Well, with the 30 day return policy I can understand your quandary. OTOH if you think going with the F6 is going to satisfy 'upgraditis', I'd say don't bet on it. There's always something else/ better/ new/ different to spend money on, and one thing you touched on is the importance of a good fitting bike.

You've experienced what riding ill fitting bike is like, so if your F75 suites your anatomy and intended purposes (and I suspect it does both), I still think there's an argument for keeping your bike for a couple of years, maybe upgrading the wheelset (and tires, if yours are low buck). New, lighter wheels will make your bike feel more responsive/ agile and high quality tires will add to your comfort (Conti GP4000's are excellent, IMHO), so you have some options.


----------



## baz69

thanks yes this was my other option keep the f75 as you say and look at upgrading wheels ,which wheels would be a good upgrade it comes with mavic cpx rims and i think felts own hubs and spokes it is a basic type training wheel,i have seen fulcrum 5, and easton aero 5, also mavic aksium not sure if these would be light enough


----------



## PJ352

baz69 said:


> thanks yes this was my other option keep the f75 as you say and look at upgrading wheels ,which wheels would be a good upgrade it comes with mavic cpx rims and i think felts own hubs and spokes it is a basic type training wheel,i have seen fulcrum 5, and easton aero 5, also mavic aksium not sure if these would be light enough


If you're contemplating a wheelset upgrade, consider things like total rider weight (you, the bike, etc.), your road conditions and style of riding (MTB'ers tend to ride 'lighter' than some dedicated roadies). 

BWW (link below) has a buyers guide, a good rep and pretty nice wheelsets for the money, but there are other choices. Of the ones you mentioned, I have no firsthand experience with those specific Easton's, but their EA-70's (and up) are nice.

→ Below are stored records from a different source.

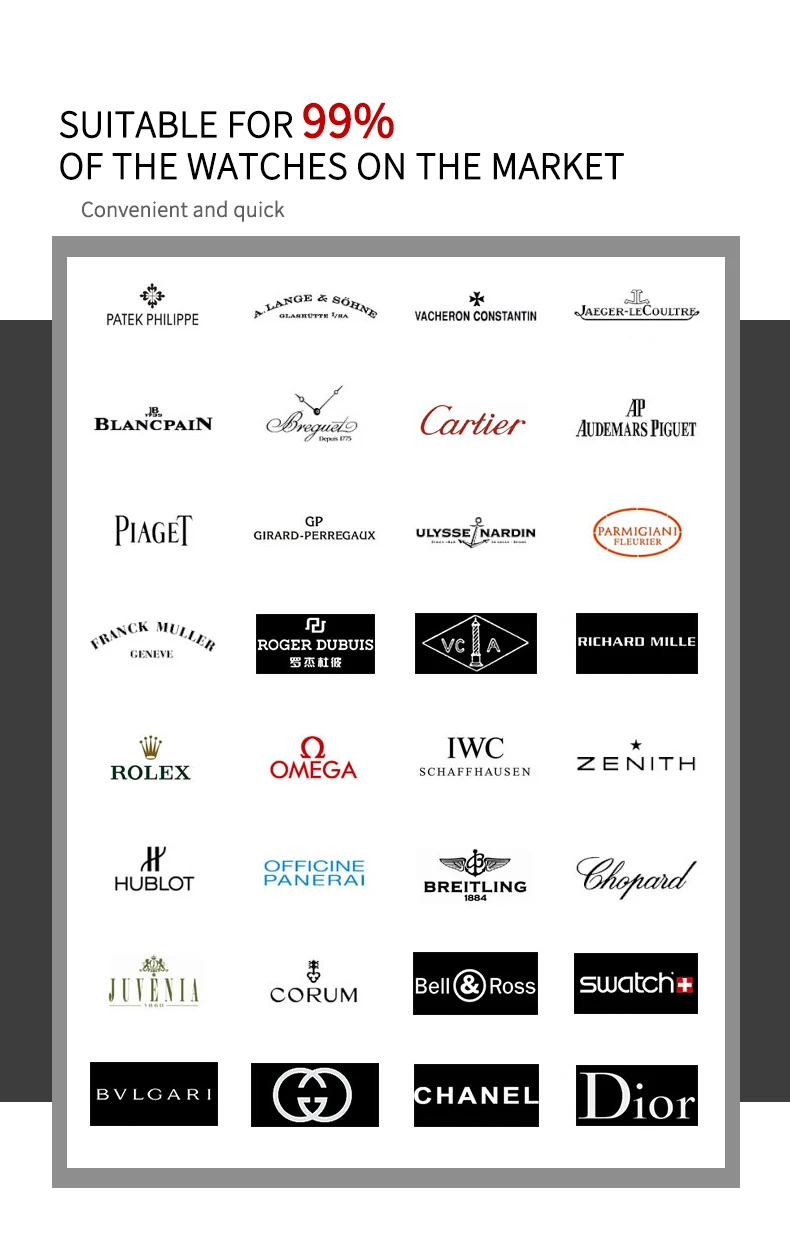 3. Подходит для большинства часов: подходит для большинства часов. Подушка регулируется путем удаления наполнителя внутри, вмещает различные размеры часов.
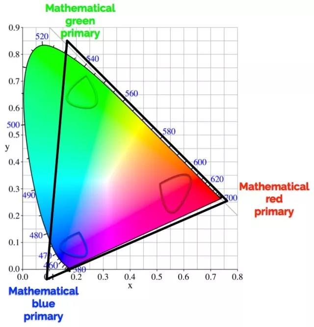 但退一步讲,定义色彩空间是一定要一个原色的。所以色彩科学专家所做的就是定义一个可以完全覆盖这些色彩区域的色彩空间,也就是给他们自己留有一些施展拳脚的空间。这样的一个色域是通过数学算法在电脑里面进行定义的。
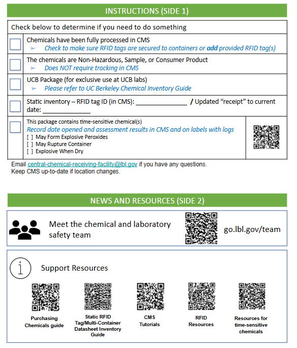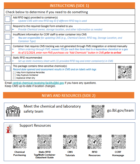 - Email us at central-chemical-receiving@lbl.gov or cms@lbl.gov
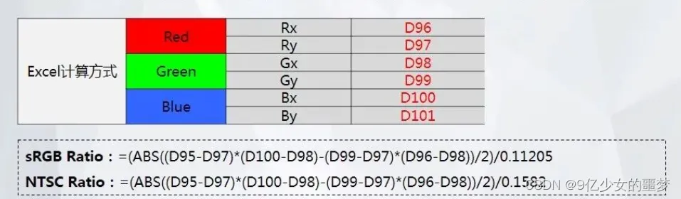 计算方法:我们一般指的是NTSC色域实际的色域三角形面积/标准NSC面积,Excel计算or网上下小软件计算:
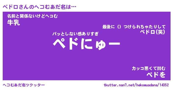 | ファンタジー風あだ名 | 『ペドフェル』『エターナルペドロー』 |
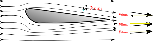 Kuvassa näkyy siiven poikkipinta. Koska ilma pysyy paikallaan ja siipi liikkuu, kun ilman ja siiven suhteellinen nopeusero suurempi yläpuolella kuin alapuolella.
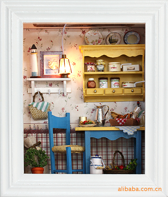 一个晴朗的开心假期,清晨的时候,带着篮子去海边上的小镇买点杂货,随意地摆进框子里去,
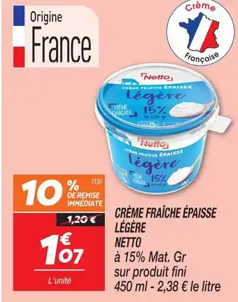 Actuellement en offre chez Netto : Netto crème fraîche épaisse légère ✅ Valable du 10-02 au 16-02.
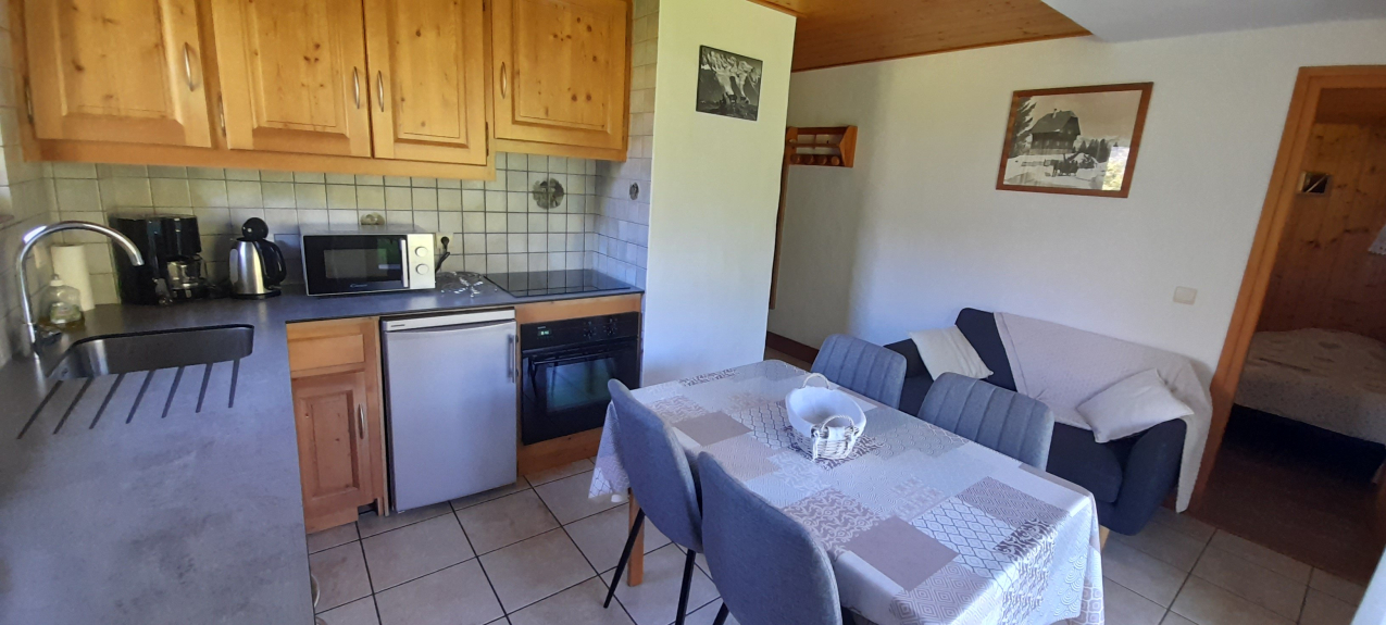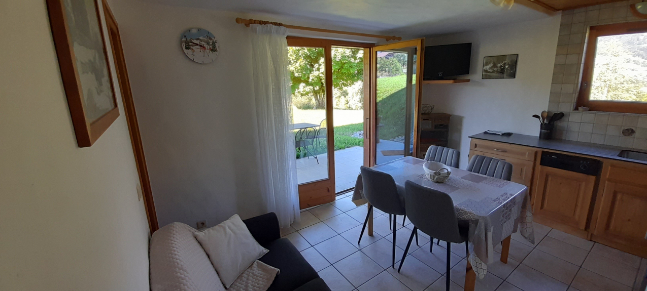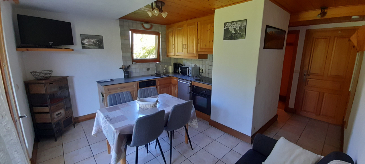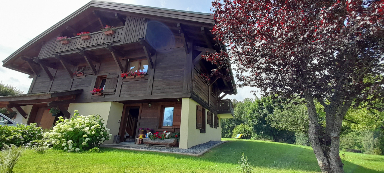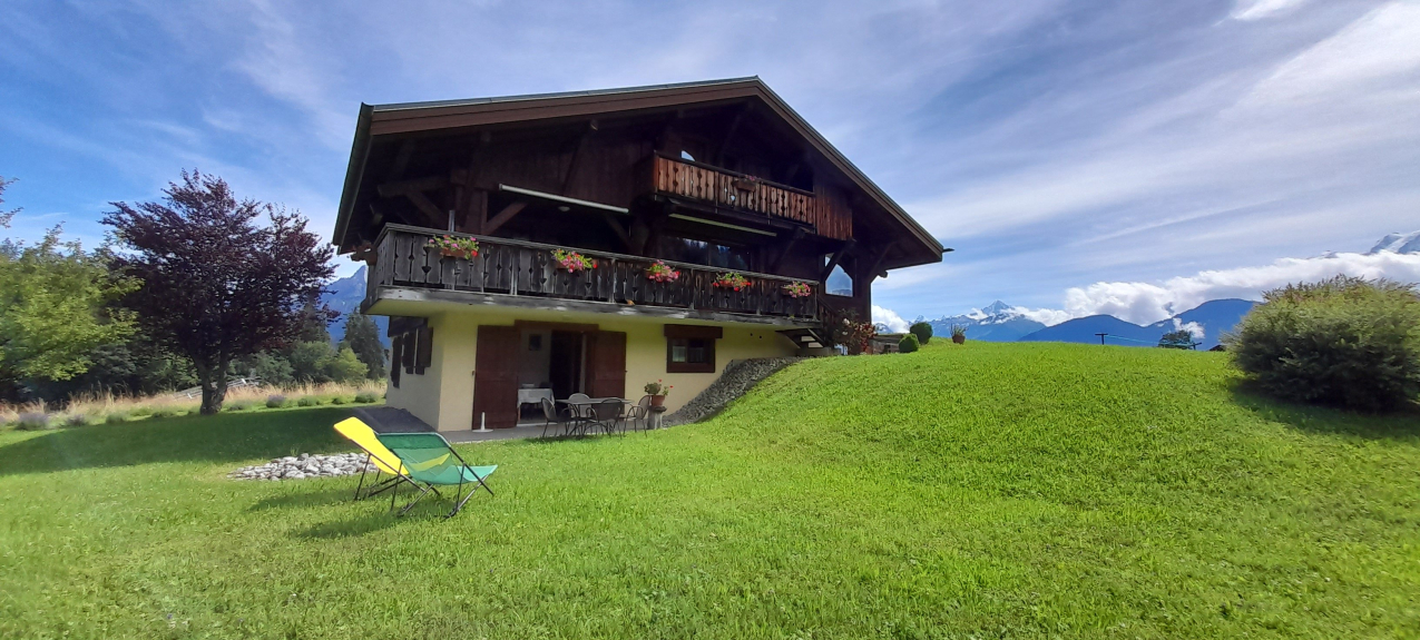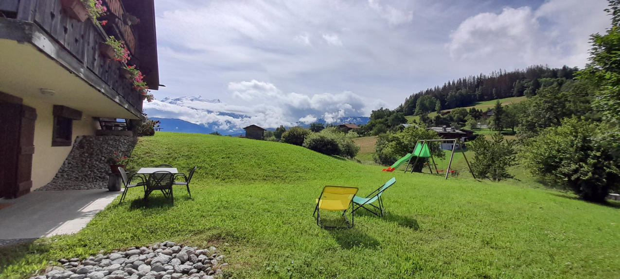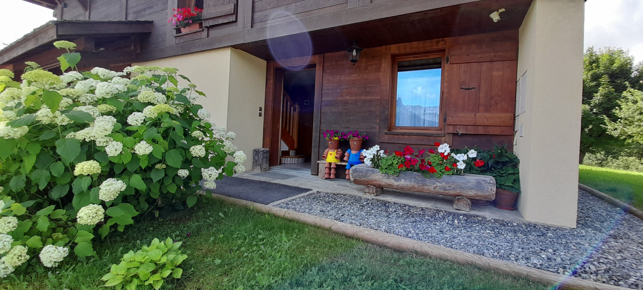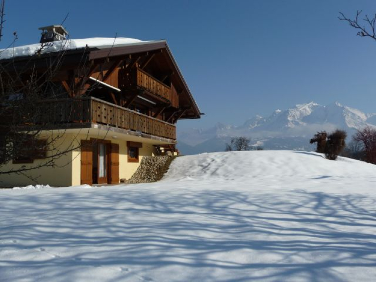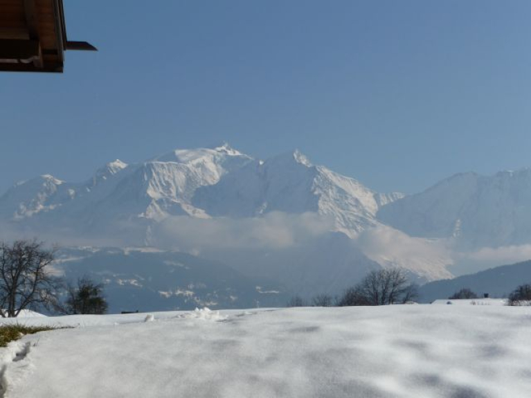 Bonito piso en la planta baja de un chalet. Muy buena exposición al sur y al oeste, vista del Monte Blanco desde la terraza, buen sol y gran terreno a disposición de los huéspedes, con posibilidad de hacer comidas en el jardín, muebles de jardín, tumbonas. Invierno: Por favor, traiga su propio equipo para acceder al chalet.

IMO Fulcrum's are generally over priced and Aksium's wouldn't really be much of an upgrade.
Road - Road Wheel Buying Guide - Bicycle Wheel Warehouse


----------



## Mr. Clean

I've got a Z6, 2011 I believe, with the 105 group set. It's been a great platform. 100% good to go from day one, but the frame is awesome and of course the bike takes very well to upgrades. I've done crank, wheelset, levers, seat. The biggest difference was going from the CPX22/Vittoria 25 set to Easton EA90LTD rims and Krylion 23's. The Easton seem to be love or defective on the reviews but mine have been rock solid.
To me, carbon is better not only for performance but there's also the bling factor which is hard to resist.


----------



## mtnbkrboy

Hey ! Found an f6 just sitting in a bike shop as a coat hanger, been riding it all spring.. apex shifts quick steering is twichy , becarful wiping ur nose on a steep hill on a chilly spring morning..... Climbs like a mountain goat.. Lacks on the flats my old caad was or seemed to be faster... Or am I just getting older ???


----------



## Donn12

If you are thinking about carbon now do it while you can. If not that little voice will whisper to you periodically until you upgrade. If you go with carbon now it will be much less expense than doing it later. also if you can go with rival or 105 11speed that will be another big upgrade out of the way. you don't have to but I think that level of group set is the best bang for the $. you would be able to upgrade the wheels at that point and have a very very nice bike.


----------